Cubitron3のファイバーディスクと「1184F」の特徴[クリックで拡大] 出所:スリーエムジャパン

 1184Fは次世代の高性能研磨ベルトで、Cubitron2のクロスベルトと比べ研磨力を最大40%向上し、研磨スピードを最大86%アップしている。また、従来品よりも耐久性に優れるため、交換頻度を減らせ自動機やロボット研磨システムでもパフォーマンスを発揮する。
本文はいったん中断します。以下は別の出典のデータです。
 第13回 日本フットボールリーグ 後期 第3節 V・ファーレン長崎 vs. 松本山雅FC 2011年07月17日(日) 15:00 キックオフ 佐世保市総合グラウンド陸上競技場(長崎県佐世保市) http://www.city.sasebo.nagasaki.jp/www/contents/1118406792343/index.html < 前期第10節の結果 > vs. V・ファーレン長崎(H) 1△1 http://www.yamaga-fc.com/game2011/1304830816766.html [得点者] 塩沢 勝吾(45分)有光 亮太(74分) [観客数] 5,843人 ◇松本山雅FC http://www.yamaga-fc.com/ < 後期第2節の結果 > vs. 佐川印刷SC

 会場では、デモンストレーションおよび体験会として、Cubitron3の切断砥石を用いたステンレス製角棒の切断、ロボットアームと1184Fを活用したステンレス製角棒の研磨、1182Cを利用した鉄のビード除去を実施した。

 一例を挙げると、Cubitron3の切断砥石のデモンストレーションでは、同砥石あるいは市場の従来品でステンレス製角棒を複数回にわたり切った。その結果、Cubitron3の切断砥石は従来品と比べ平均して切断速度が1.3倍速く寿命が4倍だった。

Cubitron3の切断砥石のデモンストレーション
Cubitron3の切断砥石のデモンストレーション[クリックで拡大]

Cubitron3の立ち上げ背景

 3Mの調査結果によれば、重研削や切断作業を行う業界では、熟練工の高齢化や継承者不足、技能レベルの安定化、人件費の高騰が深刻化している。さらに、これらの作業で伴う振動、粉じん、騒音などの改善が求められている。加えて、労働力や安全衛生環境への対策とトータルコストの削減を実現する研磨工程の自動化が必要となっている。

 そこで、製品寿命や研磨速度の向上と安定した仕上がりを実現する工業用研磨材のブランドとしてCubitron3を立ち上げた。